5.3. Елисеевский магазин, 1959. Фото В. Кунова. ЦГАКФФД СПб
Но деликатесы ассоциировались с чем-то запретным. И. М. Меттер вспоминает о первом лете войны: «В пищевых магазинах продукты исчезали причудливо: в Елисеевском высились навалом банки с крабами и шампанское» [Меттер 1999: 57]. После войны в магазин часто заходили просто посмотреть, что там продается[822]. По воспоминаниям, в конце 1950-х в Елисеевском в изобилии водились икра и оливки, а также крабы, но покупали их редко[823]. Продукты и напитки подобного рода не всегда стоили непомерно дорого, но представлялись чем-то «недоступным», чем можно порадовать себя только в праздники.
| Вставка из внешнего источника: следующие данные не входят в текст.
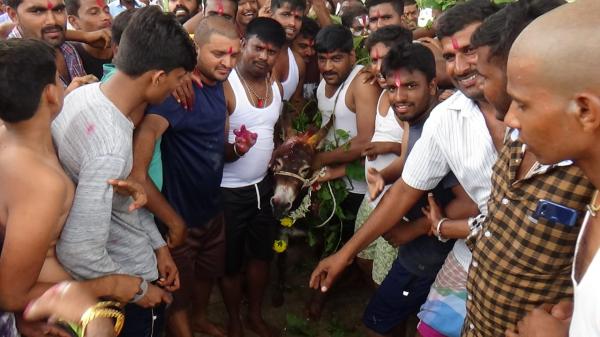ஊர்ப்பெரியவர்கள் முன்னிலையில் நடைபெற்ற சுவாமி அழைப்பு நிகழ்ச்சியில் தாரை தப்பட்டைகள் முழங்க கழுதை மேல் சுவாமி கோயிலுக்கு ஊர்வலமாக அழைத்து வரப்பட்டது. பின்னர் 3 மணிக்கு அலங்கரிக்கப்பட்ட பீரேஸ்வரருக்கு பூஜைகள் செய்யப்பட்டது. பின்னர் ஊர்ப்பொதமக்கள் அனைவரும் வெற்றுடம்புடன் கோயிலுக்கு பின்புறம் கொட்டி வைக்கப்பட்ட சாணத்தை உருண்டைகளாக செய்து ஒருவருக்கொருவர் மீது அடித்து மகிழ்ந்தனர்.

Действовало четкое разделение на «обычную» и «праздничную» еду:
А вот эта банка шпрот или, там, сайры, которую откладывали до какого-то там… ее как бы было западло съесть просто <…> Бессмысленно. Ну, бред. Варишь свой дежурный суп [усмехается] – какой смысл горошек класть в суп???!! Ты что – того?[824]
В то же время к 1970-м годам многие ленинградцы стали сильнее ощущать, что имеют на это право: «праздничные» продукты уже не залеживались, их скупали в больших количествах. Одна женщина вспоминает: «Если ты уже зеленый горошек на этой неделе получил, в этом месяце, то уже второй раз набора с горошком не будет. Но опять-таки – в Репино поедешь на машинке, и сразу купишь 20 банок»[825]. В результате такие продукты, как консервированный горошек (ингредиент классического праздничного салата «Оливье»), икра и те же консервированные крабы превратились в статью хронического дефицита. Сами эти продукты стали метонимически называть «дефицитом».
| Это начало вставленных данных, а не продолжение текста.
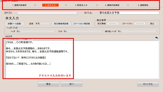 「通報内容選択」 ⇒ 「本文入力」 ⇒ 「配信先選択」 ⇒ 「内容確認」 ⇒ 「配信」の5つのステップで配信します。

Также большим спросом пользовались менее шикарные деликатесы – пирожные, торты, конфеты и шоколад. Здесь местной фантазии было где развернуться. Названия, упаковка и вкус многих ленинградских продуктов ничем не отличались от аналогичных в других городах СССР: пиво «Украинское» или «Жигулевское», сыр «российский» или «пошехонский», «молоко», «кефир»[826]. Но наряду с вездесущим мороженым «пломбир» и пирожными «картошка», были и ореховые кольца, и буше, пропитанные сахарным сиропом с шоколадной глазурью, и бисквитные пирожные с масляным кремом из кафе «Север». Сладкоежками были практически все жители города, выросшие на конфетах фабрики им. Крупской – «Пиковая дама», «Ленинград» и «Северная Аврора»[827].
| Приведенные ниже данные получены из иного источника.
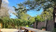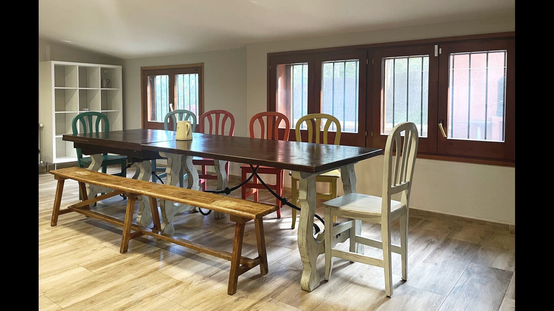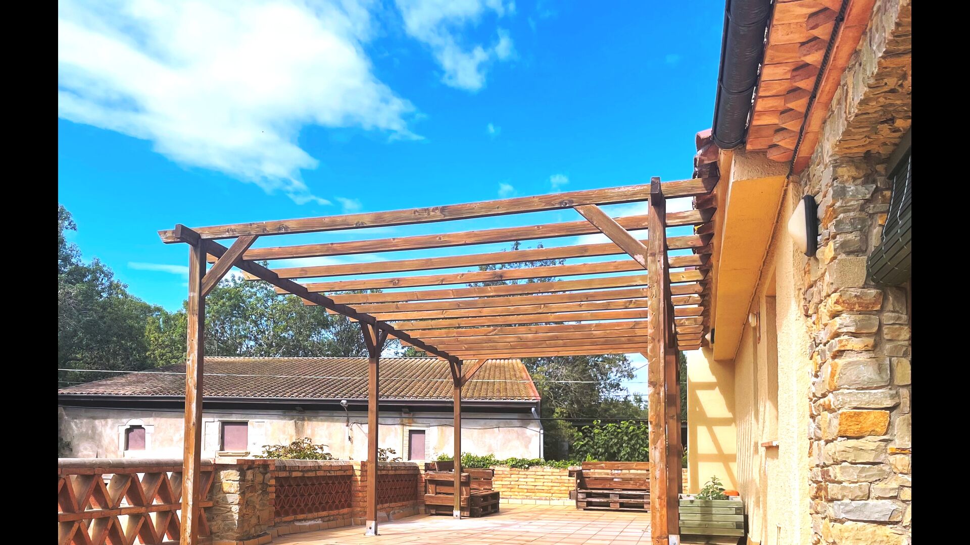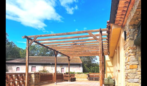 La terraza está situada de manera que puedas vigilar fácilmente la piscina y el resto del jardín, y también está cerca de la barbacoa que está situado en el patio. El patio es ideal para sus comidas, ya que también hay una mesa grande y luego se conecta directamente a la cocina.

Как и на другие товары, спрос порождал спрос, и к 1980-м годам торты и шоколад тоже повсюду оказались в дефиците. В 1986 году в журнале «Ленинградская панорама» сообщалось, что среднестатистический покупатель теперь приобретал в шесть раз больше продукции, чем раньше, что вело к невыносимой нагрузке на персонал и торговые помещения. Год спустя в том же журнале писали, что в магазине «Восточные сладости» на Невском стоят огромные очереди. Журналисты сокрушались, что люди потребляют сахара намного больше рекомендуемой нормы, и объясняли пристрастие к сладкому повышением благосостояния. В качестве выхода из положения они рекомендовали повысить цены[828].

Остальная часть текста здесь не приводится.